## Problem description:
In the records below, repeat word for word only the lines starting at the one that contains "Hydrophobic foam, X-Pac" and ending at the one that contains "We do very little", pictures excluded.

## Data shown:

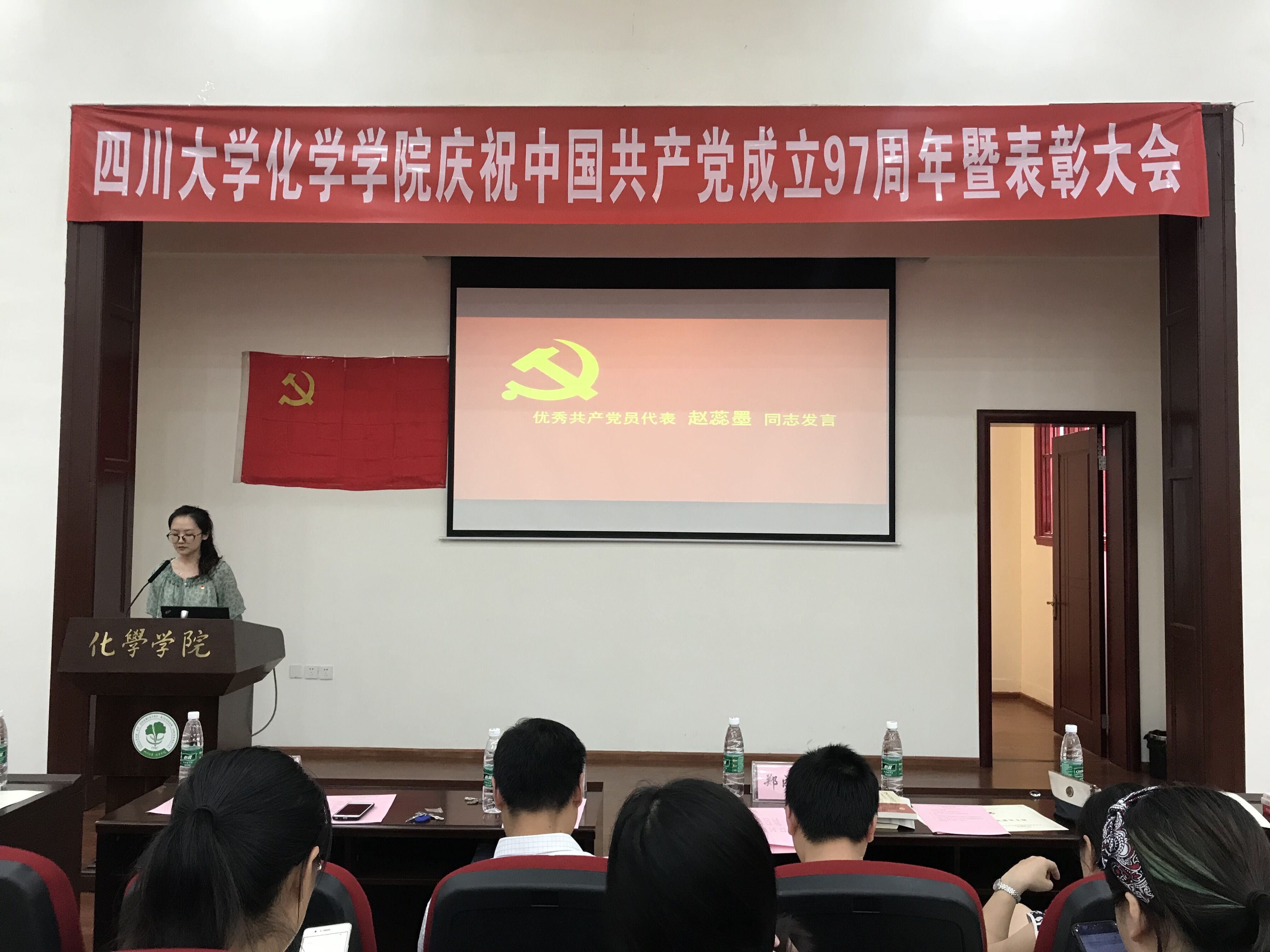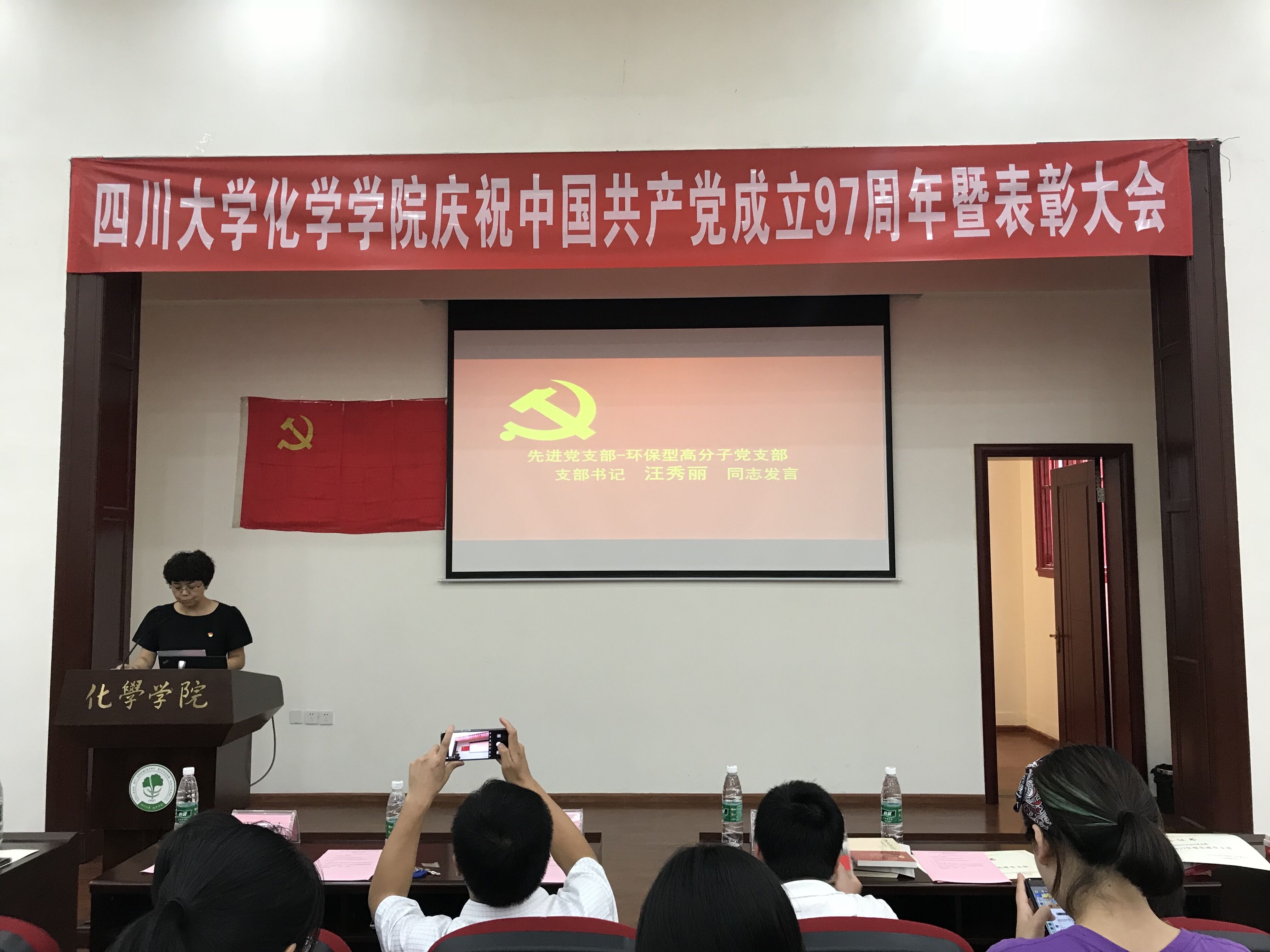 环保型高分子支部书记汪秀丽同志、优秀党员代表2014级本科赵蕊墨同志做交流发言。
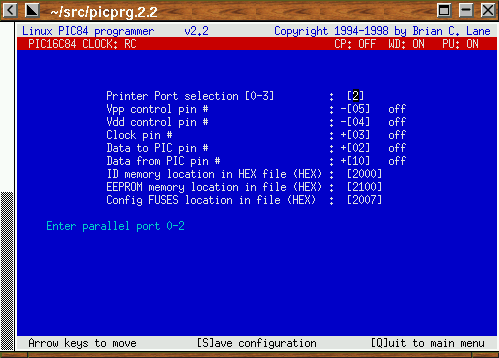 When I first started using the PIC16C84, a compiler was already available for Linux, but no Linux software ran the HOPCO programmer that I use. An easy way to solve this problem would have been to get the DOS software included with the programmer to run under DOSEMU. Since I never seem to pick the easy way, I decided to write a native Linux PIC programmer. I decided on a full-screen ncurses interface, which would run on a VT console or an xterm as long as the TERM environment variable is set to xterm-color.
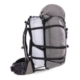 Hydrophobic foam, X-Pac fabric, Cordura 500d fabric and industrial hook and loop combine to provide a suspension with infinite adjustment and comfort. Using hook and loop for the shoulder harness attachment allows the user to not only dial in the exact height of the harness but change the angle each shoulder strap leaves the frame. The ultimate in adjustability and strength. The unique "X", carbon composite, four stay design transfers load evenly to the hip belt while offering optimum load lifter angles. The load is supported by 12 connection points to the frame via 1" webbing. Our frame systems have revolutionized the standard of pack frame comfort and fitting ability.
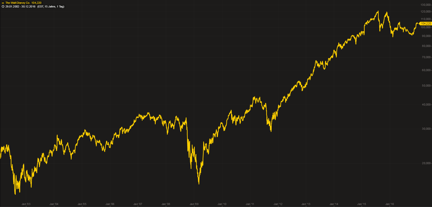 In den 10 Jahren von Ende 2006 bis Ende 2016 stieg der Kurs der Disney-Aktie um 14,3% pro Jahr. Nimmt man die mittlere Dividendenrendite von 1,3% hinzu, so kommt man auf einen Shareholder Value von 15,6% pro Jahr.
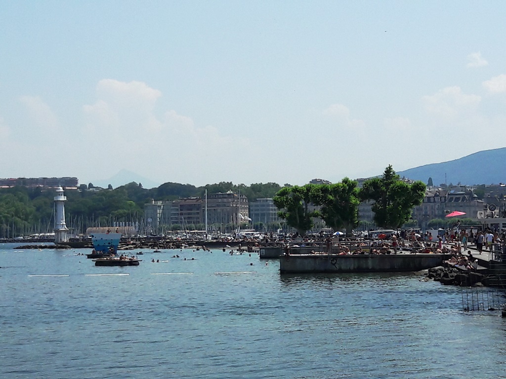 Du côté du Quai du Mont-Blanc* se trouve le Bain des Pâquis, construits en 1872, sur la Jetée des Pâquis. Au bout, on voit le Phare des Pâquis.
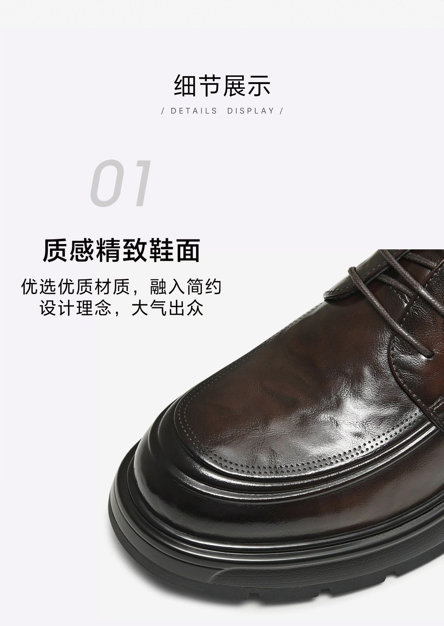 | 内增高:无 | 鞋跟形状:厚底 | 鞋面材质:牛皮革 | 流行元素:纯色 | 闭合方式:系带 |
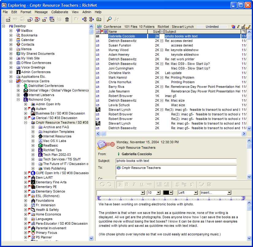 We do very little FirstClass client training because it is really very intuitive. What we do mostly is hold sessions that point out some of the more subtle features of the Client. I am doing a session in our school district this week and have put together a document that I will be providing our users. I thought that some of you might be interested in this so feel free to copy, revise and reuse. Some of the content here is more specific to what we do and how we have set our system up but the majority of the content is pretty generic. Some I have borrowed from what Julie Oke has done.
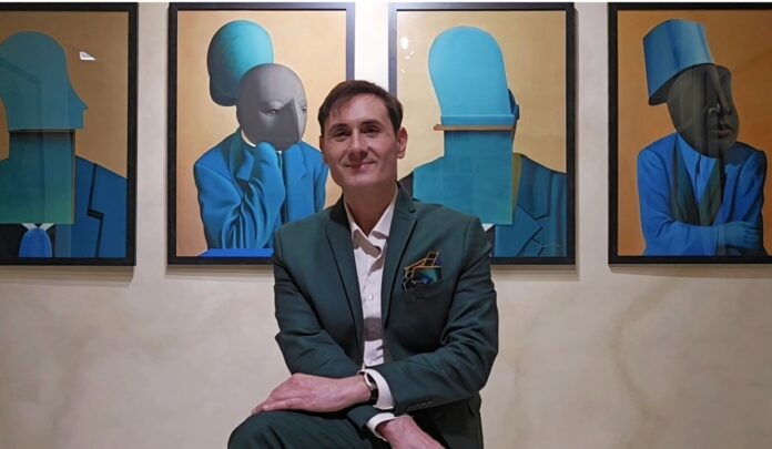Τα έργα της “Human Conditιων”, αφορούν τον άνθρωπο ως ύπαρξη μέσα στο χωροχρόνο. θα τολμούσα να πω, ότι κατ’ ουσίαν είναι πορτρέτα του ίδιου του χρόνου, ο οποίος ως κάτι άυλο, χρησιμοποιεί το χώρο και την ανθρώπινη φιγούρα για να μορφοποιηθεί. Αν παρατηρήσετε, οι ανθρώπινες μορφές στα έργα έχουν κάτι το παράδοξο, η ανατομία τους είναι αφύσικη, το περιβάλλον, που τις περικλείει έχει κάτι το υπόκωφο και το ελαστικό. Τα έργα, τα δημιούργησα την εποχή της καραντίνας και φέρουν τη ζοφερή και δυσοίωνη αίσθηση εκείνης της εποχής, ενώ οι άνθρωποι ή μάλλον οι υπάρξεις, που απεικονίζονται σε αυτά, μοιάζουν να βρίσκονται σε έναν ατέρμονο διάλογο με τον εαυτό τους. Η παρουσία του χρόνου είναι παντού αισθητή, παρεισφρύει μέσα στο χώρο αλλάζοντας την αρχιτεκτονική του, συχνά με βία, οι ανθρώπινες μορφές, άλλοτε γίνονται ένα με το περιβάλλον τους και άλλοτε βουλιάζουν μέσα στο ίδιο τους το σώμα, σε μία πάλη με τους φόβους, τους πόθους τους και την απέλπιδα πραγματικότητα. Η προσέγγιση μου έγινε μέσα από δύο διαφορετικά αισθητικά ύφη, το “φετιχιστικό” και το “λατρευτικό”.

## Answer box:
 Hydrophobic foam, X-Pac fabric, Cordura 500d fabric and industrial hook and loop combine to provide a suspension with infinite adjustment and comfort. Using hook and loop for the shoulder harness attachment allows the user to not only dial in the exact height of the harness but change the angle each shoulder strap leaves the frame. The ultimate in adjustability and strength. The unique "X", carbon composite, four stay design transfers load evenly to the hip belt while offering optimum load lifter angles. The load is supported by 12 connection points to the frame via 1" webbing. Our frame systems have revolutionized the standard of pack frame comfort and fitting ability.
 In den 10 Jahren von Ende 2006 bis Ende 2016 stieg der Kurs der Disney-Aktie um 14,3% pro Jahr. Nimmt man die mittlere Dividendenrendite von 1,3% hinzu, so kommt man auf einen Shareholder Value von 15,6% pro Jahr.
 Du côté du Quai du Mont-Blanc* se trouve le Bain des Pâquis, construits en 1872, sur la Jetée des Pâquis. Au bout, on voit le Phare des Pâquis.
 | 内增高:无 | 鞋跟形状:厚底 | 鞋面材质:牛皮革 | 流行元素:纯色 | 闭合方式:系带 |
 We do very little FirstClass client training because it is really very intuitive. What we do mostly is hold sessions that point out some of the more subtle features of the Client. I am doing a session in our school district this week and have put together a document that I will be providing our users. I thought that some of you might be interested in this so feel free to copy, revise and reuse. Some of the content here is more specific to what we do and how we have set our system up but the majority of the content is pretty generic. Some I have borrowed from what Julie Oke has done.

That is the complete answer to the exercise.